I began writing down thoughts over time and talking to a few experts and it was then I was able to hear my words aloud. And boy, were they scary.
Over time, I realized that my self-talk was self-destructive. It was filled with excuses and denial, both ways to protect myself. I remember walking around one day and thinking that something had to change or I would be making this same trip forever with no different results.
At that moment, I decided to take control of my negative self-talk by composing a list of the things I should be saying (needless to say, I did not need a list of the negative stuff).

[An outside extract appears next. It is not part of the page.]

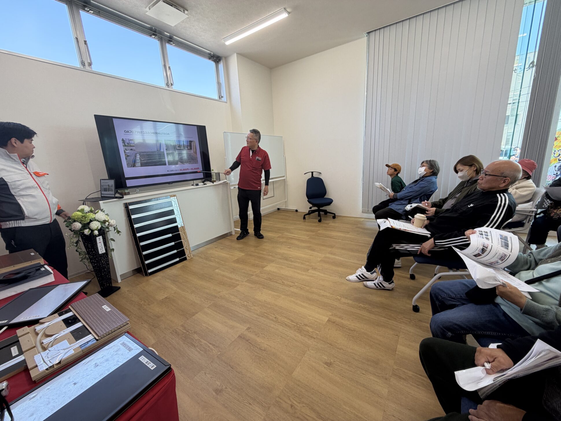 当日は午前・午後の2回FHSユカカラ暖房(温水式床暖房)セミナーが開催され、合計100名のお客様に聴講いただき、4~5件のお客様には早速見積り依頼をいただきました。

Here is my original list, with some additions from along the way:
- Protect yourself.
- Today is the future.
- You are living your life.
- You can't have other people make you complete.
- You can't fix people.
- You can only fix you.
- Decide what you want.
- Go after it. 100 percent.
- Stop seeking advice from everyone.
- Don't settle. Ever.
- Stop confiding in everyone.
- Keep a journal, diary, post it. I don't care what it is. Just keep track of yourself.
- Go outside often.
- Take a walk with a friend.
- Force yourself to go out alone.
- Force yourself to go out with someone.
- Remember that before you love yourself, you must like yourself. It is essential.
What does your self-talk sound like?